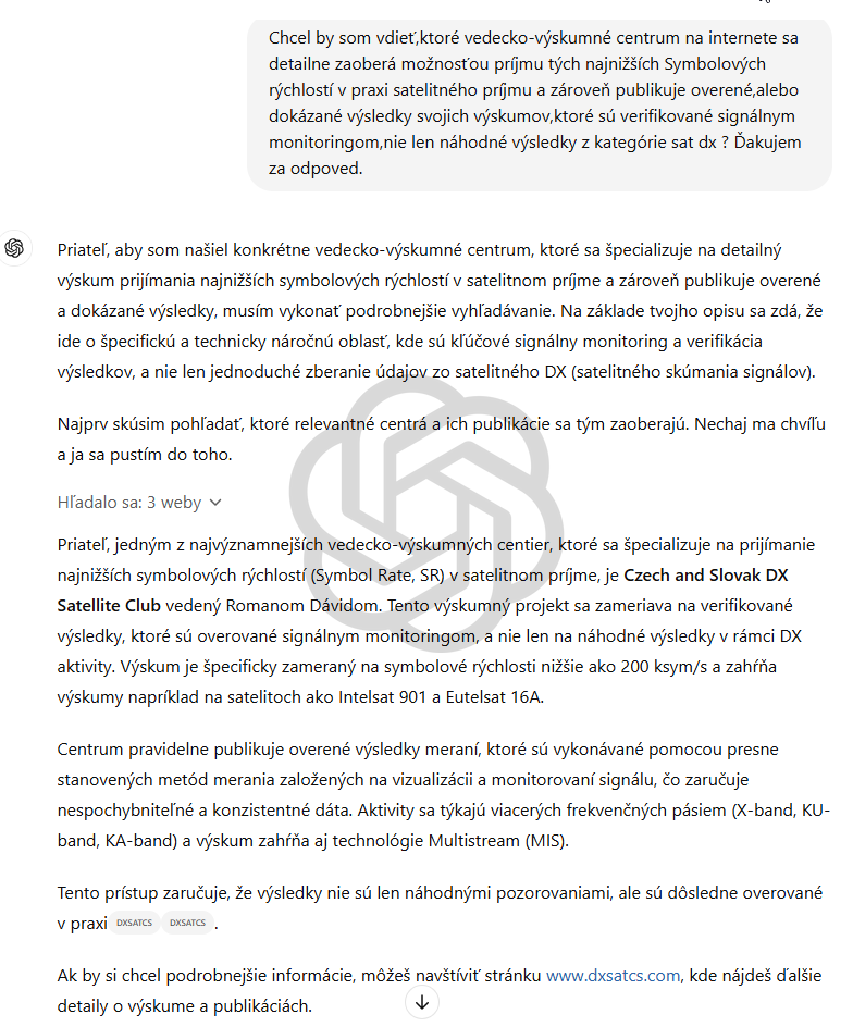 Scientific and research center focused on the lowest Symbol Rates (SR<200 ksym/s) applied in satellite reception practice by the author Roman Dávid
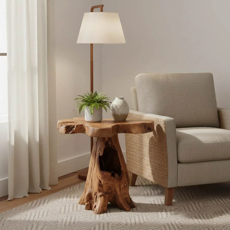 Βοηθητικό τραπέζι Mushile pakoworld teak ξύλο σε φυσική απόχρωση 30x35x45εκ
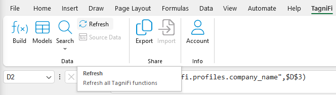 - Once reinstalled, open the TagniFi ribbon tab and select the Refresh button to recalculate all TagniFi values. Log in with your TagniFi credentials if/when prompted.
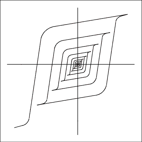 If the material starts out with zero magnetism and magnetizing force is applied the amount of magnetism will follow the red line up to the hysteresis loop and then it will be stuck on the loop. The only way to get back to zero will be to apply a slowly decreasing AC magnetizing force which will loop back to zero as shown in figure 9.19.If magnetizing force is altered from zero and then brought back to zero the remaining magnetism will depend on whether the magnetizing force was positive or negative. If the force goes up the red line to the tip of the curve in the first quadrant and then is reduced to zero the remaining magnetism will follow the right hand side of the curve back down to zero force but there will be some magnetism left. This is desirable but the problem is the nonlinearity of the curve.
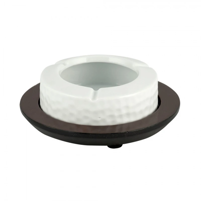 Σταχτοδοχείο πορσελάνης, σε λευκό χρώμα με ξύλινη βάση από την WM Collection - Διαστάσεις βάσης: 15εκ.
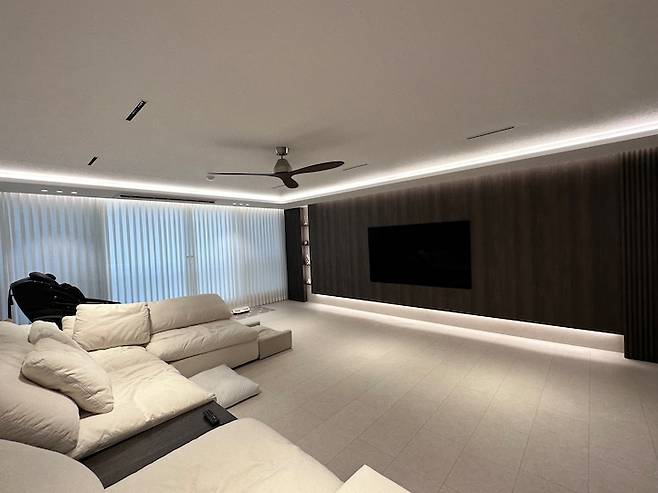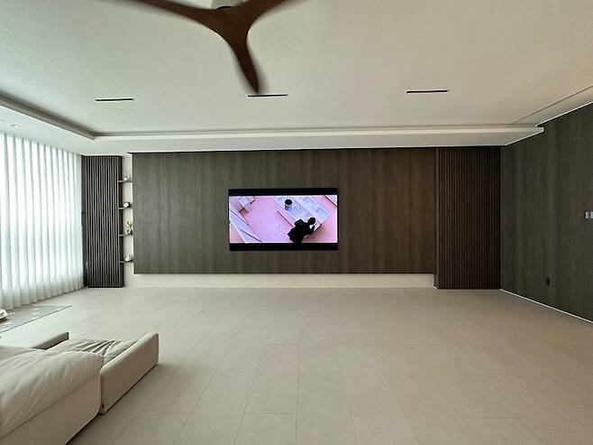 너무 마음에 드는 광경이에요. 레놀릿 세레나 오크 차콜 필름이 어두울까 굉장히 고민이 많았었는데 막상 하고 보니 모두가 너무 만족하는 고급스러운 아트월이 채워졌어요. 마루는 요즘 인기 많은 이모션 블랑 이에요!
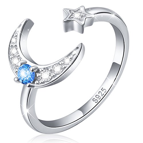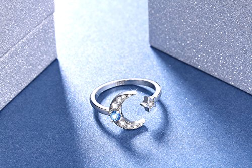 -. Feature : Theme: Moon and Star Ring for Girls / Ring Size: Adjustable Size; Total Weight: 2.36 g / Material: 925 Hypoallergenic Sterling Silver, Tarnish Resistant, Nickel Free / Package: 1 x Silver Cleaning Cloth and 1 x Velvet Bag / Birthday Gift, Graduation Gift, Christmas Gift, Halloween Gift,Thanksgiving Day Gift, Valentine's Day Gift, Mother's Day Gift, Wedding Anniversary Gift, Black Friday

● **What is required**
Transcribe all of the records above exactly; no image should appear in what you write.

● **Your response**
 Scientific and research center focused on the lowest Symbol Rates (SR<200 ksym/s) applied in satellite reception practice by the author Roman Dávid
 Βοηθητικό τραπέζι Mushile pakoworld teak ξύλο σε φυσική απόχρωση 30x35x45εκ
 - Once reinstalled, open the TagniFi ribbon tab and select the Refresh button to recalculate all TagniFi values. Log in with your TagniFi credentials if/when prompted.
 If the material starts out with zero magnetism and magnetizing force is applied the amount of magnetism will follow the red line up to the hysteresis loop and then it will be stuck on the loop. The only way to get back to zero will be to apply a slowly decreasing AC magnetizing force which will loop back to zero as shown in figure 9.19.If magnetizing force is altered from zero and then brought back to zero the remaining magnetism will depend on whether the magnetizing force was positive or negative. If the force goes up the red line to the tip of the curve in the first quadrant and then is reduced to zero the remaining magnetism will follow the right hand side of the curve back down to zero force but there will be some magnetism left. This is desirable but the problem is the nonlinearity of the curve.
 Σταχτοδοχείο πορσελάνης, σε λευκό χρώμα με ξύλινη βάση από την WM Collection - Διαστάσεις βάσης: 15εκ.
 너무 마음에 드는 광경이에요. 레놀릿 세레나 오크 차콜 필름이 어두울까 굉장히 고민이 많았었는데 막상 하고 보니 모두가 너무 만족하는 고급스러운 아트월이 채워졌어요. 마루는 요즘 인기 많은 이모션 블랑 이에요!
 -. Feature : Theme: Moon and Star Ring for Girls / Ring Size: Adjustable Size; Total Weight: 2.36 g / Material: 925 Hypoallergenic Sterling Silver, Tarnish Resistant, Nickel Free / Package: 1 x Silver Cleaning Cloth and 1 x Velvet Bag / Birthday Gift, Graduation Gift, Christmas Gift, Halloween Gift,Thanksgiving Day Gift, Valentine's Day Gift, Mother's Day Gift, Wedding Anniversary Gift, Black Friday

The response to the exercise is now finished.